Larsen & Toubro Receives Observation Letters for Proposed Scheme of Arrangement with L&T Realty Properties

Larsen & Toubro Limited (L&T) has received ‘Observation Letters’ from both the BSE Limited and the National Stock Exchange of India for its proposed Scheme of Arrangement involving L&T Realty Properties Limited (LTRPL). The scheme, which involves L&T as the Transferor Company, is now proceeding to the next regulatory stage. The observation letters, dated March 18 and March 19, 2026, confirm no adverse observations concerning listing compliance requirements, enabling L&T to file the scheme with the Hon’ble NCLT.

Stock Exchanges Issue Observations on Scheme of Arrangement

Larsen & Toubro Limited announced that it has successfully received Observation Letters from the Bombay Stock Exchange (BSE) and the National Stock Exchange of India (NSE) regarding the proposed Scheme of Arrangement. This scheme involves the transfer of assets and liabilities between Larsen & Toubro Limited, acting as the Transferor Company (L&T), and L&T Realty Properties Limited, acting as the Transferee Company (LTRPL).

The letters, issued on March 18, 2026 (BSE) and March 19, 2026 (NSE), confirm that the stock exchanges have no adverse observations concerning the listing and disclosure requirements associated with the arrangement. This critical clearance allows the company to move forward with filing the requisite documentation with the Hon’ble National Company Law Tribunal (NCLT).

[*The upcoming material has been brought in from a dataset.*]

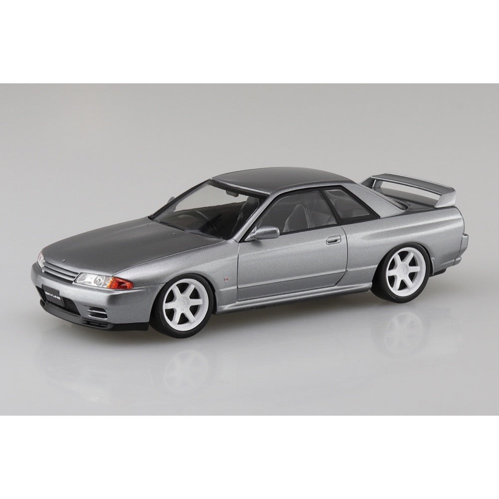 New custom wheel specifications have been added to Aoshima's popular model kit of the Nissan R32 Skyline GT-R! These kits feature 18-inch custom wheels and custom tires; you can recombine parts with R32 and R34 model kits, too. The wheel color is different for each body color. These kits are easy to assemble with just 25 parts that snap together, and the parts are cast in color so you don't need to paint them! The kit can be assembled to lowdown specifications, too.
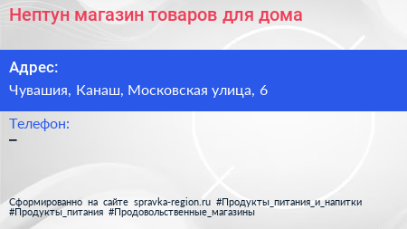 Нептун, магазин товаров для дома по адресу Чувашия, Канаш, Московская улица, 6 в дальнейшем Организация, размещена в следующих категориях:

Key Conditions and Disclosures Required by Exchanges

Both exchanges mandated several conditions that L&T must adhere to while seeking shareholder and creditor approval:

  • The entities must confirm full compliance with all provisions related to the scheme, particularly those concerning disclosure requirements and timelines.
  • Disclosure of all ongoing adjudication, recovery proceedings, or enforcement actions against the listed entity, its promoters, or directors must be made to the NCLT and shareholders.
  • Any additional information submitted after the initial filing must be promptly displayed on the websites of both the listed company and the stock exchanges.
  • Financials considered for the valuation report must not be older than 6 months from the date of the No-Objection Certificate (NOC).
  • Any proposed equity shares issued under the scheme must mandatorily be in demat form only.
  • The observations from SEBI and the stock exchanges must be incorporated into the petition filed before the NCLT.

Mandatory Disclosures for Shareholders

L&T is specifically advised to ensure that the explanatory statement accompanying the resolution for shareholder approval (under Sections 230 to 232 of the Companies Act, 2013) includes comprehensive details to facilitate an informed decision:

  1. Rationale for the slump sale of the realty undertaking, expected synergies, and the cost-benefit analysis of the scheme.
  2. Detailed information regarding the Registered Valuer, the Valuation Report, and the Merchant Banker’s Fairness opinion, including the rationale for valuation methods used.
  3. Latest financials of LNTL and LRPL, not older than 6 months from the date of the NOC, must be updated on the website and included in the statement.
  4. Detailed pre- and post-scheme shareholding patterns, revenues, PAT, and EBIDTA for the last 3 years for both entities.
  5. Disclosure of the impact on reserves of both LNTL and LRPL resulting from the arrangement, including compliance with applicable accounting standards.

Validity and Next Steps

The Observation Letter from the NSE is valid for six months from March 19, 2026, within which the scheme must be submitted to the NCLT. The company has confirmed that copies of the observation letters are enclosed with this intimation and that this announcement is available on the investor relations website.